If your dog only lays on you, but not other family members, it could just mean that they are more bonded to you.

You may be the person that brings them comfort, leading them to lay on you whenever they have the chance. This is also the case when a dog sleeps with one owner only, as many dogs prefer to rest near the person or animal that helps them feel most safe.

My Dog Always Want To Lay on Top Of Me – How Do I Limit This Behavior?

Not every dog owner will want their dog to lay on top of them or sleep with them all the time. This can be due to wanting less hair in the bed, you have a Great Dane sized dog that takes up too much room, or even simply wanting your own personal bubble.

Just as some dogs like their space, many people want their space as well.

This can lead to a pet owner looking for tips and tricks on how to encourage a dog to relax or sleep on their own bed. Luckily for these pet owners, we have a list of effective tips that we will discuss in detail below.

The most effective ways to get your dog to stop laying on top of you include:

  • Address any signs of separation anxiety by tending to any stressful changes that are occurring within the home. This could mean limiting any long periods spent away, offering your dog support through any abrupt changes, socializing them with new pets in the home, and making sure they have enough exercise and mental stimulation each day.
  • Seek out a professional trainer if your dog is struggling with possessiveness or aggression toward other dogs or cats in the home.
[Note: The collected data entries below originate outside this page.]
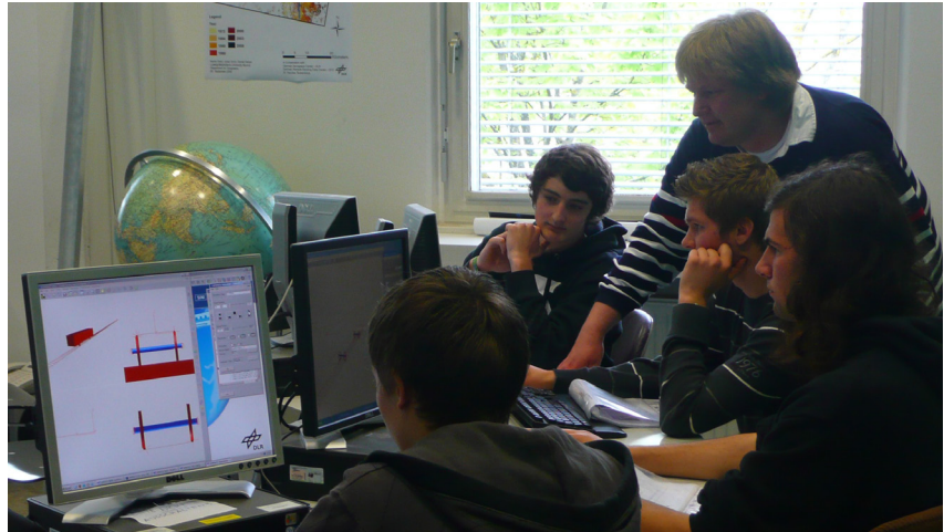
Fig. 2: Students creating a simulation

What does this sentence mean: "A good model is as simple as possible and as detailed as necessary?"
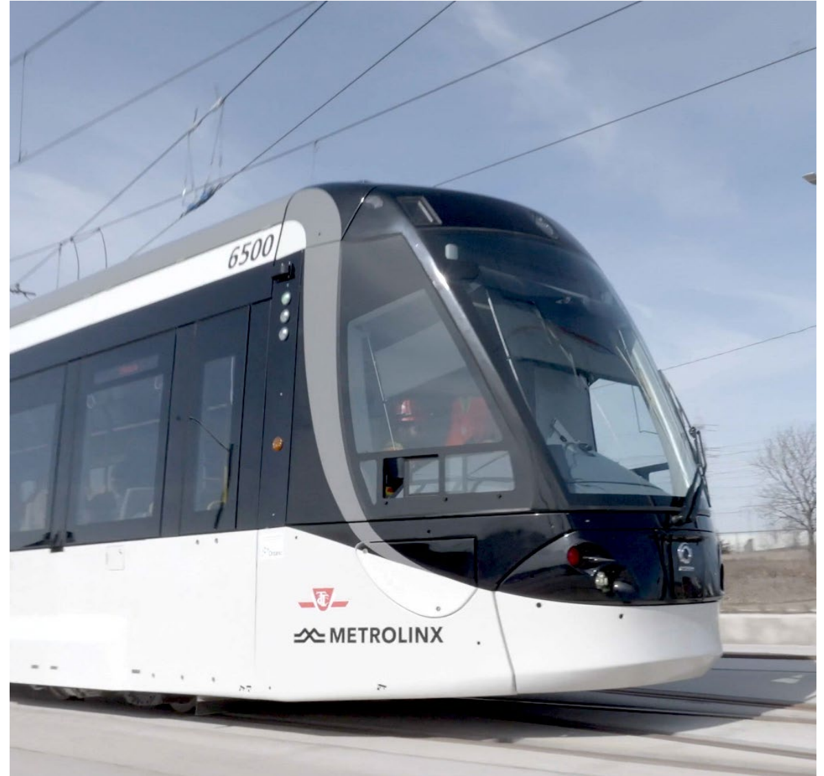
Photo: LRV testing near Finch Ave W and Signet intersection. 2024.03.08
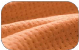
All-Natural Organic Stretch Cotton Cover
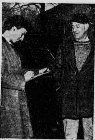
With approximately 30,000,000 Americans living on farms, the farmer's vote is the most important mass vote in the country. Here a poll reporter questions a New Jersey farmer, who has plenty to say about price controls, farm subsidies and the election. Like the thousands who are being polled by various agencies in the country he votes for the next President.
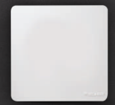
MQ5100 1 Gang Blank Plate
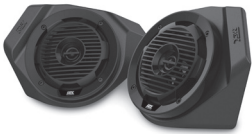
X3-17-FS-L Front Speaker Kit (Lower)

Possessiveness can be really challenging to tackle on your own, so seeking professional guidance is typically best in these situations. Some breeds even have more of a protective instinct than others, so it often takes an expert to figure out how to best help your dog.
  • Make sure your dog has their own bed that is cozy and inviting. If your dog knows they have a safe space to call their own, they may be more encouraged to ditch your bed and head to their cozy space.
  • Make sure you are addressing any sleeping challenges with positive reinforcement training, as yelling at our punishing your dog when they want to be beside you can be confusing.
  • Try not to give into their attention seeking behavior, as this will only encourage your dog to keep laying on top of you when they want your eye contact and attention on them. You can do this by simply sitting up and moving when your dog lays on you, or gently telling your dog “off” when they try to sleep on top of you at night.
  • Award their good behavior with a treat when possible, as this will encourage them to do it again. For example, if your dog chooses to sleep in their own bed instead of jumping into yours (if this is not something you want), then you should award this good behavior with a tasty treat or kind praise. Just be sure to not make too big a deal out of their newfound sleeping independence, as too much excitement may call your pup over to your side. Sometimes even looking into your dog’s eyes is enough to get them up and back on top of you.

Whether you have a small puppy or a massive Great Dane, you don’t always want your pup laying on top of you at all times. Some pet owners simply need some space from their clingy canine friends, and thankfully, there are a few effective ways to encourage your dog’s independence in their resting habits.